The second decade of the new century has come with a renewed optimism about Africa’s development, with the “Africa Rising” narrative gaining popularity. According to a 2013 issue of the Economist Magazine, the continent had 4 of the 10 fastest growing economies in the world, yet as already highlighted in previous posts, we are also paradoxically seeing an increase in poverty at the bottom of the pyramid. The paradox of high growth and high poverty – with increases in inequality across the continent – is one that has been reflected in many different countries. There are many factors that cause and sustain inequality, but this post will focus on what may be the most significant of these, Illicit Financial Flows. Africa faces a more debilitating challenge of the illicit movement of her finances out of the continent. It is estimated that approximately US$854 billion has been moved out of Africa illicitly over a 39-year period, predominantly to Western financial institutions, turning the continent into a net creditor to the world (Ndikumana and Boyce 2003, 2008).

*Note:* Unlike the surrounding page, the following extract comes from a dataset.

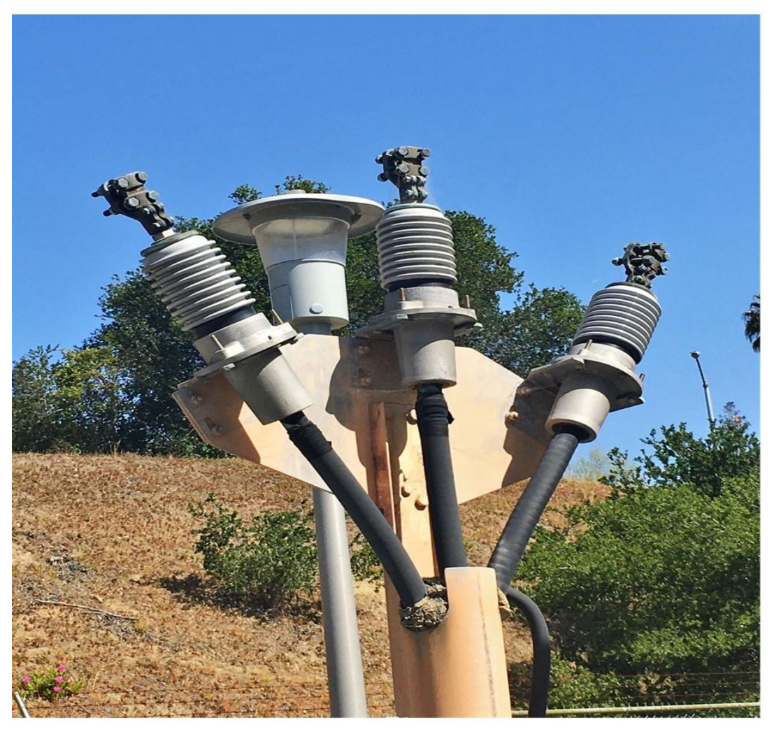
Figure 8: TD-3322M Subsection V.A.6 Finding

ValleyView04: An underground cable that is not in use is not grounded

The bulk of IFFs from Africa originate from West Africa amounting to 38% of all funds illicitly flowing from the continent. Nigeria stands out as the leading source of IFFs and is estimated to have lost $218 billion dollars between 1970 and 2008. Faster economic expansion associated with rising income levels can actually drive capital flight if growth is not accompanied by genuine economic reform and better governance (IMF, 2000). During the period of significant economic growth, Africa also saw an acceleration in illicit financial flows.

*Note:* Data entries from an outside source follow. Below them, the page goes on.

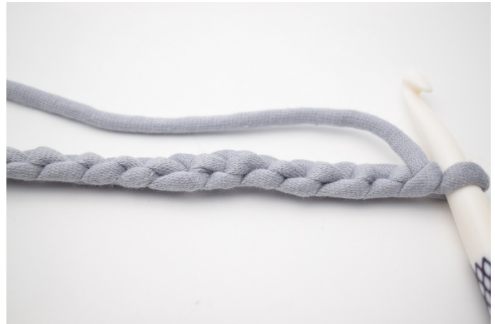
2. Turn your ch-row around to let the "backside" face up.
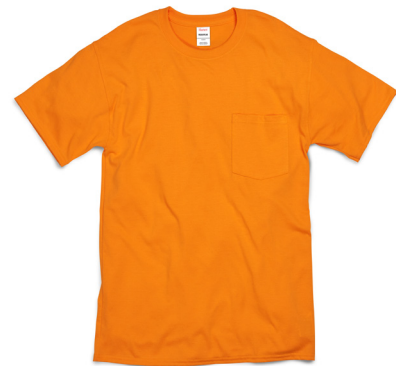
W110 Workwear Short Sleeve Pocket T-Shirt S-4XL S-XL: 6 dz/case 2XL-3XL: 3 dz/case 4XL: 2 dz/case
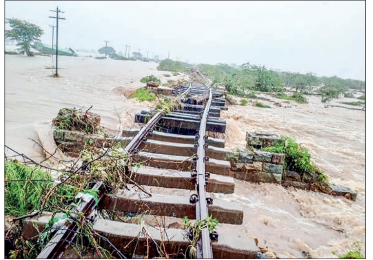
The photo shows the flood-affected rail lines on Thazi-Shwenyaung railway section by heavy rain in Shan State yesterday.

Moreover, the members of Tatmadaw, the Myanmar Police Force, the Fire Brigade and res-

What do We Mean by Illicit Flows?
The term Illicit Financial Flows (IFF) describes monies that are illegally earned, transferred or utilized. There are four common practices of externalizing finances illicitly:
Corruption - the proceeds of bribery and theft by government officials constituting about 3% of the global total. (However in Africa there is reason to believe that it could be higher)
Criminal - proceeds generated through drug trafficking, racketeering, counterfeiting and they constitute about 30-35% of the total
Commercial tax evasion - mainly through trade mispricing and are by the largest component- 60-65% of the global total.
Smuggling - unfortunately no economic model that relies on official data to estimate illicit financial flows can capture effectively the scope of smuggling.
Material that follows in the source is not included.